Even John Howard, the man who initiated the freeze in real terms, now says it’s time for it to end.
Morrison, however, is unmoved. He argues the dole is better than it's been painted. It’s increased twice a year in line with inflation, and 99 per cent of recipients get other payments.
True. But what the 99 per cent get is the “energy supplement”, which is worth 63¢ a day and doesn’t change the claim that the dole amounts to about $40 a day.
About 40 per cent of singles on the dole get rent assistance – of up to $9.80 a day – provided they’re paying rent of more than $21.40 a day which, rest assured, they are. Much more.
There are 722,000 people on unemployment benefits. Half of them are over 45 – strange to think how sure people are that employers discriminate against older job applicants, but don’t ever imagine them being on the dole.
Similarly, more than a quarter of recipients have an illness or disability, but are on the dole because they’ve been denied the disability support pension. These people, along with more than 100,000 single parents, face challenges and discrimination in finding paid work.
Another argument ministers use is that the dole was only ever intended to be a temporary payment while people find another job and, indeed, two-thirds of people going on to it move off within 12 months.
But get your head around this: accepting that’s true, it’s also true that, at any point in time, two-thirds of people on the optimistically named Newstart allowance have been on it for a year or more. These are the long-term unemployed who, presumably, include many of those with particular challenges.
I agree with Morrison that “the best form of welfare is a job”. It’s true, too, that in recent years many additional, full-time jobs have been created. But it’s equally true that many of those jobs have gone to immigrants and other new entrants to the labour force, meaning the rate of unemployment hasn’t fallen below 5 per cent. That’s acceptable?
The truth is that, even in the city, the meanness of the dole makes it hard for people to afford the transport and other costs needed to search for jobs. The notion that poor people will seek work only under the lash of poverty is heartless nonsense.
Other facts are that the economy has slowed sharply since the middle of last year, employment is growing more slowly and unemployment is now rising.
This is why Reserve Bank governor Lowe has twice cut the official interest rate and is begging the government use its budget to do more to stimulate the economy. It partly explains his support for an increase in the dole – an extra $75 a week is the popular proposal – which, as a stimulus measure, has the great virtue of being likely to be spent fully and quickly by its impoverished recipients.

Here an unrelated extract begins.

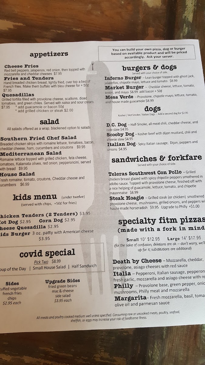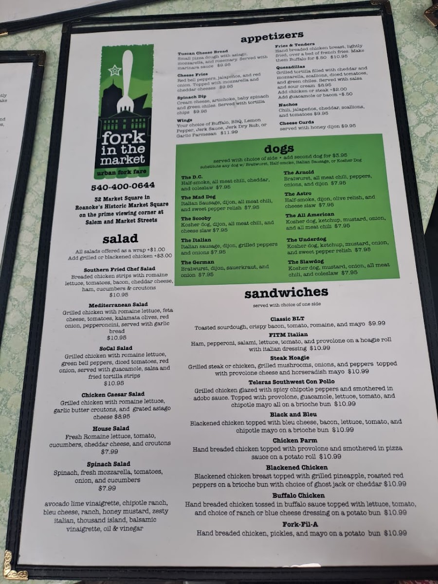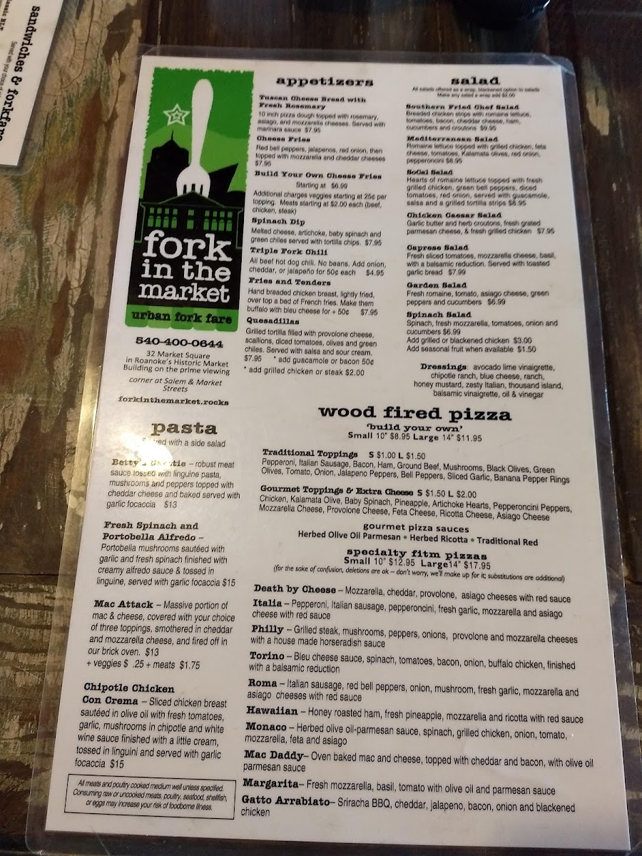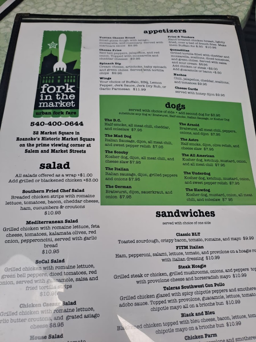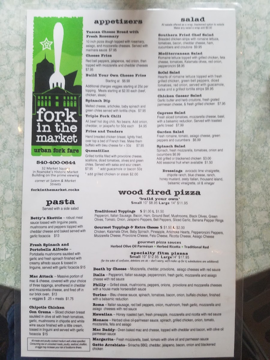 Welcome to the Fork In The Market Menu, a delightful fusion of local ingredients and vibrant flavors nestled in the heart of Roanoke. With a warm, inviting atmosphere, this restaurant offers a fresh take on comfort food with a twist. Each dish is thoughtfully prepared to highlight seasonal ingredients, bringing out the best in both classic and contemporary flavors. Whether you're craving a hearty meal or something light and refreshing, the menu at Fork In The Market has something for every taste. From savory small plates to satisfying mains, each bite is designed to delight. Take a seat, enjoy the cozy surroundings, and let the flavors of Roanoke unfold on your plate.

So why the refusal? For the reasons we’ve discussed but also because, having given up tax revenue of $300 billion over 10 years, Treasurer Josh Frydenberg now insists he can’t afford a dole increase costing a whopping $39 billion over 10 years. Too much threat to his promised return to budget surplus.
Strange logic. Should the economy’s slowdown not be reversed, unemployment – and the budgetary cost of the dole – will go a lot higher, and hopes of budget surpluses will evaporate, replaced by angry people accusing the government of economic incompetence.